1. In the handout on security models, it was shown that no stateless, deterministic encryption can be IND-CPA secure. For this problem, consider CBC mode in which the IV is picked in a way that can be predicted by the adversary (but may be stateful and/or non-deterministic).
   1. Describe CBC mode using algorithm specifications (both encryption and decryption), where the IV is selected during encryption using a function named getIV(lambda). You should use formulas similar to those on page 199, but give algorithm pseudocode with clear inputs (parameters) and outputs (return values), as well as any necessary looping and control flow instructions.

   2. Assume the adversary has a predictIV(lambda) function that always predicts the next IV that will be returned by getIV(lambda) (and hence the next IV that will be used in an encryption). Define adversary algorithms A₁^E and A₂^E that can win the CPA game. (Hint: Think about what is fed into the block cipher as plaintext. Can you arrange it so that you can do multiple encryptions in which the same values are fed into the block cipher?) Analyze your algorithms to find the advantage of your adversary.

   3. What if the predictIV algorithm isn't perfect? In other words, what if predictIV only predicts the correct IV with probability p? What is the advantage now?

   4. CBC-Chain mode is a variant of CBC mode in which the encryption function keeps a record of the last ciphertext block produced, and uses that as the IV for the next encryption (so a series of CBC-Chain encryptions is the same as a single long CBC encryption). Show that CBC-Chain mode is not IND-CPA secure. (Note: This attack appears in the real world as the BEAST attack on SSL, discovered in 2011.)

2. It's clear that repeating a deterministic block cipher, as in ECB mode, is not secure. But what about repeating a secure (non-deterministic) cipher? In other words, let E_K(P) -> C be an IND-CCA encryption scheme, and then define a two-block version of this by E2_K(P₁,P₂) -> (C₁,C₂)=(E_K(P₁),E_K(P₂)). It turns out that this construction is IND-CPA secure, but not IND-CCA secure. Prove the second part of that statement (in other words, give an adversary that wins the CCA game against the E2 two-block encryption scheme -- like almost all CCA attacks, the trick is to disguise your decryption oracle requests so they don't exactly repeat the challenge ciphertext). Make sure you analyze the advantage of your adversary!

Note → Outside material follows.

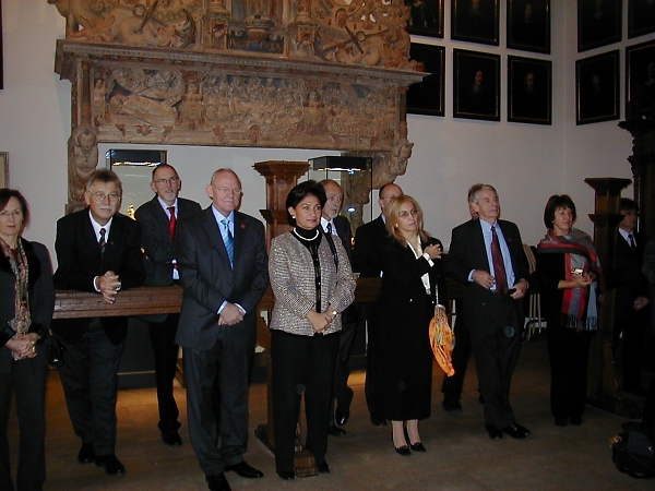 Invited guests at the Friedensaal (Hall of Peace) where the negotiations on the peace after the 30-year long war took place in 1640s.

3. For this question, you are to do some experimentation with the Nextcloud end-to-end encryption feature. The directions below explain how to set up an environment where you can work with Nextcloud. Note that there are a lot of steps to get right, from setting up the server to working with Android Studio and the Android emulator. I have made the steps as simple as possible, but there are still a zillion ways this can go wrong -- start soon so you can seek help if/when things don't work as expected. There is nothing to turn in for the setup steps (i1 to i5) -- the questions you need to answer follow the instructions.
   • (i1) Follow the instructions in the "Working with Nextcloud" handout (given in class) to set up your own copy of the Nextcloud server, enable the end-to-end encryption app, and then create a regular user account for you to use.

   • (i2) Visit https://developer.android.com/studio/index.html to download and install Android Studio.

   • (i3) Follow the directions in the "Working with Nextcloud" handout to clone the Nextcloud android client into your Android Studio workspace. The first thing you should do is go into the src/main/java/com/owncloud/android/MainApp.java file, find the line that says

          OwnCloudClientManagerFactory.setUserAgent(getUserAgent());
     

     and change it to

          OwnCloudClientManagerFactory.setUserAgent(getNextcloudUserAgent());
     

     While you are cloning a dynamic, possibly changing version of the source code, currently this code is at line 133.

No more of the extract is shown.